Così proseguiva l’articolo della Voce ’88: “Corrado Iacolare ha un fratello, Franco, funzionario della Regione Campania. Attualmente lavora presso l’assessorato all’Ecologia ed è stato incaricato dal socialista Nicola Scaglione di una questione molto delicata: quella delle discariche da localizzare sul territorio regionale”. Incredibile ma vero: le chiavi del business futuro nella mani del fratello del boss.
E la Voce concludeva: “Laureato in architettura, Franco Iacolare ha fatto il suo ingresso a Santa Lucia in un comparto più consono alle sue attitudini professionali, quello per l’urbanistica, dove ha ricoperto l’incarico di coordinatore al tempo dell’assessorato di Ciro Cirillo”. Quel Cirillo per il quale Nco, Br e Dc trattarono…
Non finiva lì: “Prima ancora, Iacolare aveva lavorato al comune di Giugliano, occupandosi sempre di materie urbanistiche, con il sindaco Giuliano Granata: uno dei protagonisti clou della vicenda”. E il cerchio si chiudeva.
Entrò ed uscì con grande libertà, in quei giorni del riscatto Cirillo, dal carcere di Ascoli Piceno dove era rinchiuso Cutolo, per portare avanti la trattativa. Così testimoniò, per fare un solo esempio, l’allora responsabile della sezione penale del carcere di Ascoli Piceno, Franco Guarracino: “il 5 maggio era entrata anche un quinta persona, oltre ai soliti Criscuolo, Salzano, Granata e Casillo, identificato in Corrado Iacolare, boss della camorra”.
Ferdinando Imposimato, a marzo ’89, scrive per la Voce un’autentica “controinchiesta” sul caso Cirillo dettagliando protagonisti e circostanze di quella sporca trattativa, il primo, autentico patto tra camorra & istituzioni, per marciare insieme uniti negli affari, nel controllo del territorio, dei voti. “Cirillo nell’81 occupava la poltrona di assessore all’urbanistica, una delle più calde dal novembre ’80. Una poltrona che gli stava dando non pochi grattacapi anche con la giustizia, ritrovandosi inquisito dalla Pretura di Napoli per una serie di inadempienze sul fronte dei piani regolatori di parecchi comuni della provincia. Braccio destro di Cirillo, nel delicato incarico, Franco Iacolare. Un fratello di Iacolare, Corrado, militava a tempo pieno tra le fila della Nuova Camorra Organizzata”.
Un altro commento, allora, quello del senatore di Democrazia Proletaria e membro della commissione Antimafia, Guido Pollice: “Il sequestro Cirillo è il caso politico giudiziario più grave della storia della repubblica non solo per i legami tra Gava e Cutolo sia pure mediati da Pazienza, Musumeci e altri, ma per la spaventosa distorsione dei meccanismi istituzionali più delicati: il ministero della Giustizia, il Sisde e il Sismi.

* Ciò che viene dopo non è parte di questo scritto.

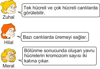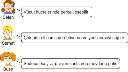 Yukarıdaki öğrenciler mitoz ile ilgili bazı bilgiler vermişlerdir.
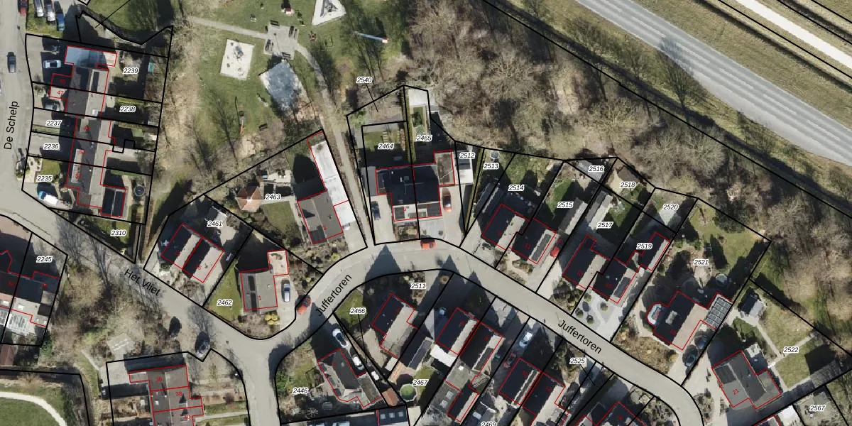 Gebruik de zoekbalk of klik op een perceel voor informatie over de adressen binnen dit perceel.
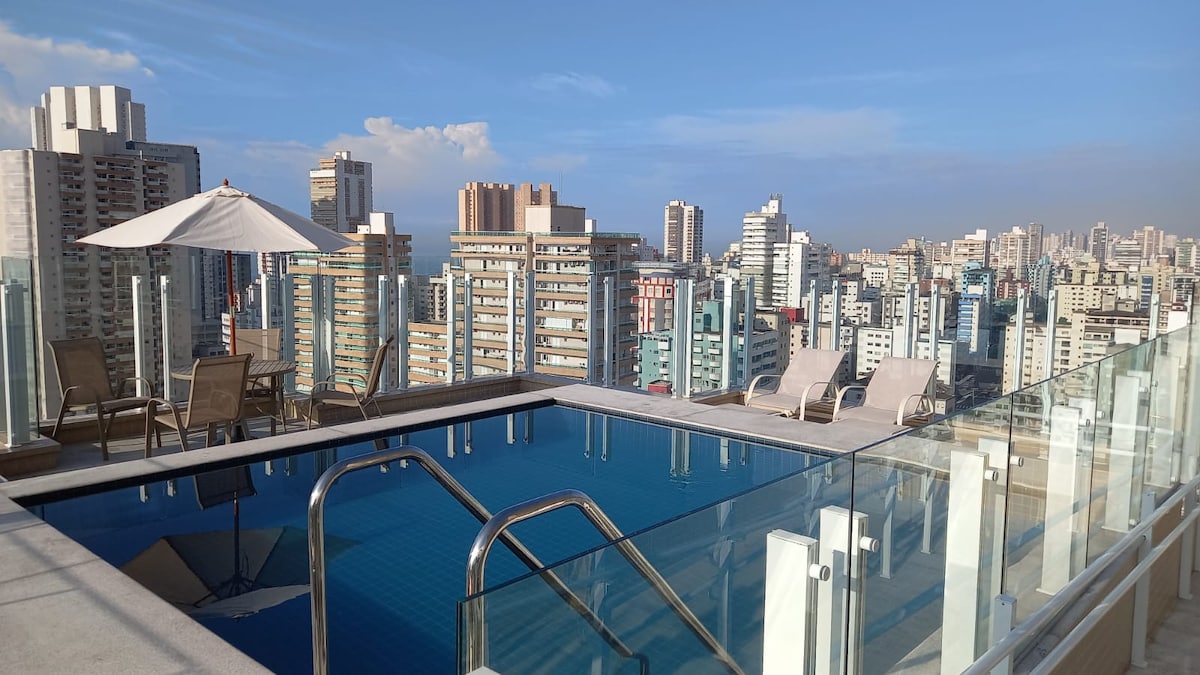 Apartamento nuevo y totalmente planificado “Flat studio” en Praia Grande, con dormitorio integrado, balcón gourmet y ambiente climatizado, moderno y confortable. Ideal para amigos, parejas y familias. Ubicación privilegiada, cerca de la playa, mercados, farmacias, panaderías, restaurantes y tiendas en general. Condominio con estacionamiento, seguridad y estructura moderna. Practicidad, comodidad y excelente relación calidad-precio para tu estadía en la costa. Piscina en la azotea con vista al Mar.
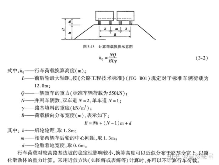 在《公路路基設計規(guī)范》(JTG D30-2015)中沒有發(fā)現對邊坡穩(wěn)定計算時行車荷載如何考慮的條文,但是在《路基路面工程》(黃曉明版)和《公路軟土地基路堤設計與施工技術細則》(JTG/T D31-02-2013)中有相關表述?!豆奋浲恋鼗返淘O計與施工技術細則》4.1.4-4.1.6條的規(guī)定如下,即將行車荷載換算成土柱高度,可按車輛荷載均布于車輛投影面積上換算得出。
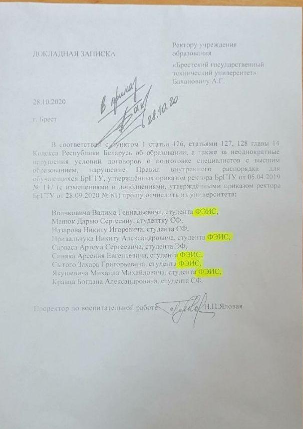 В редакцию TUT.BY попала фотография докладной на имя ректора Брестского государственного технического университета. Документ подписан проректором БрГТУ по воспитательной работе Натальей Яловой. Она просит отчислить из университета девять студентов в связи с «неоднократным нарушением условий договоров о подготовке специалистов с высшим образованием, нарушением Правил внутреннего распорядка для обучающихся БрГТУ».

Tutto ciò con la partecipazione di numerosi criminali come Vincenzo Casillo e Corrado Iacolare, condannati per numerosi omicidi, traffico di droga e altri delitti di stampo mafioso. Nel frattempo Casillo è stato ucciso e Iacolare è sparito dalla scena. Altri testimoni sono morti misteriosamente”.
E il nome di Iacolare rimbalzava tra le carte di un altro mistero. Grosso come una casa. O come un appartamento. Quello di via Petrarca 129, uno perfetto spaccato da prima repubblica, partenopea e non solo. Così scriveva la Voce a giugno ’88: “storia di un onorevole immobile passato nel giro di dieci anni dall’attuale ministro degli Interni Antonio Gava a quello della Funzione Pubblica Paolo Cirino Pomicino. Nell’intermezzo due società, la Alessandra di Ninì Grappone e la SB Immobiliare Appalti di Bruno Sorrentino”.
Continuava la Voce: “sulle amicizie di Grappone ha verbalizzato al giudice Carlo Alemi, impegnato nella vicenda Cirillo, l’avvocato Enrico Madonna, difensore di Raffaele Cutolo. Difendevo Grappone – dichiara Madonna – che poi mi presentò e mi fece nominare anche da Michele Zaza, il quale per un certo periodo venne ricoverato in ospedale dove io l’ho visitato portandogli anche dei messaggi di Grappone”.
A proposito, poi, della Sorrentino dinasty: “un impero composto di 29 società impegnate in grandi opere pubbliche con partecipazioni da decine di miliardi, capofila Bruno, inquisito dal tribunale di Santa Maria Capua Vetere come ‘cassiere delle bande camorristiche’, affittuario per 500 mila lire al mese della mega villa di Zaza in via Petrarca, in rapporti societari con Vincenzo Casillo per la conduzione di un ristorante ad Avellino, e con i camorristi Giuseppe Soriente, gestore di una sua mensa, e Corrado Iacolare, il pluriomicida ospite in un suo appartamento”. Un nome, quello di Iacolare, che tornava…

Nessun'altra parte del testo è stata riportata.